The complaint was thereafter referred to the then Associate Justice Eulogio Serrano of the Court of Appeals who heard the parties.  Instead of preparing a report and recommendation, the then Justice Serrano returned the records of the case, including the exhibits of both parties and other pertinent papers on the belief that with the retirement of Judge Tabigne, as certified by the filed by counsel of a labor union, Kapisanan Ng Mga Manggagawa Sa La Suerte Cigar and Cigarette Factory, there came from respondent an order granting the same, then Undersecretary of Justice Guillermo Santos, the case had become moot and academic.  On March 1, 1973, the following resolution was issued by this Court:  "Considering the letter of Hon.

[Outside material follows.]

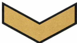
9-й класс (5 год обучения)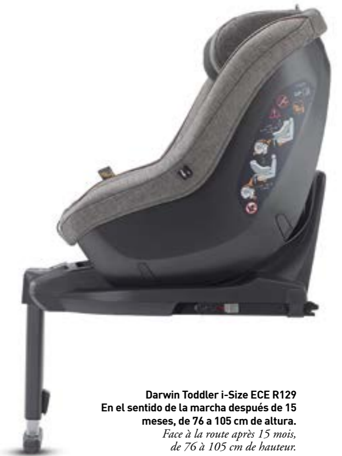
Darwin Toddler i-Size ECE R129 En el sentido de la marcha después de 15 meses, de 76 a 105 cm de altura. Face à la route après 15 mois, de 76 à 105 cm de hauteur.

Justice Eulogio Serrano of the Court of Appeals, informing this Court that although the investigation of this case conducted by him pursuant to the resolution of September 8, 1970 has already been completed, he is returning the complete records of the case with exhibits and copies of the stenographic notes taken during the said investigation without a report and recommendation thereon in the belief that this case has become moot and academic in view of the retirement of respondent Judge Tabigne, the Court Resolved to require the complainant to [comment] on said letter, within ten (10) days from notice hereof".  The complainant was averse to the case being considered moot and academic, as shown by his Manifestation of March 14, 1973, setting forth that while respondent had retired he was entitled to some benefits under the Government Service Insurance Act which could be forfeited if he were found guilty.  In his reply to such manifestation, respondent stressed that the case against him should be terminated as he had been compulsorily retired.  Moreover, he reiterated his stand that what was done by him in allowing a charging lien to be filed by a counsel for a labor union did not suffice to call for disciplinary action based on the complaint for serious misconduct and dishonesty.

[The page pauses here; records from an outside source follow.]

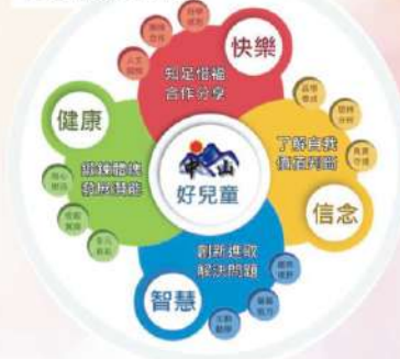
中山國小學生圖像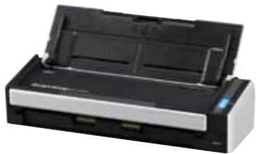
Abbildung: ScanSnap S1300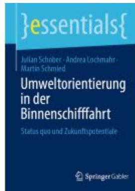
Umweltorientierung in der Binnenschifffahrt Ladenpreis: 15,41EUR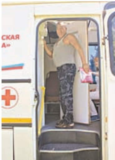
В село привезли УЗИ-аппарат.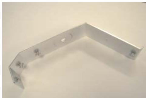
Peça de fixação BSV 306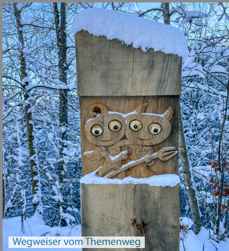
Wegweiser vom Themenweg

Respondent must be sustained.  This is one case where the compulsory retirement of respondent had rendered the matter moot and academic.  No useful purpose would be served by acceding to the plea of complainant that there be further inquiry on the matter.  On its face the complaint would indicate that what was done by respondent judge, even if objectionable, hardly could be characterized as dishonesty.  What is undeniable is that there was a paucity of evidence to that effect.  What was offered before the then Associate Justice Serrano did not meet the standard required.  A finding of culpable conduct would thus be unwarranted.  The futility of any further steps being taken is thus apparent.  Then, too, it is well-settled that termination of official relations does call for putting an end to an administrative investigation.  Lastly, it is once again appropriate to recall the authoritative doctrine first announced by Justice Malcolm, and thereafter adhered to consistently, that an administrative complaint, being penal, must be proved beyond reasonable doubt.[3]

WHEREFORE, this administrative complaint is hereby dismissed.

Makalintal, C.J., Barredo, Fernandez, and Aquino, JJ., concur.

Antonio, J., was on sick leave.



[1] Complaint, paragraphs 5-8.

[2] Answer, paragraph 5.

[3] In re impeachment of Horrilleno, 43 Phil. 212 (1922).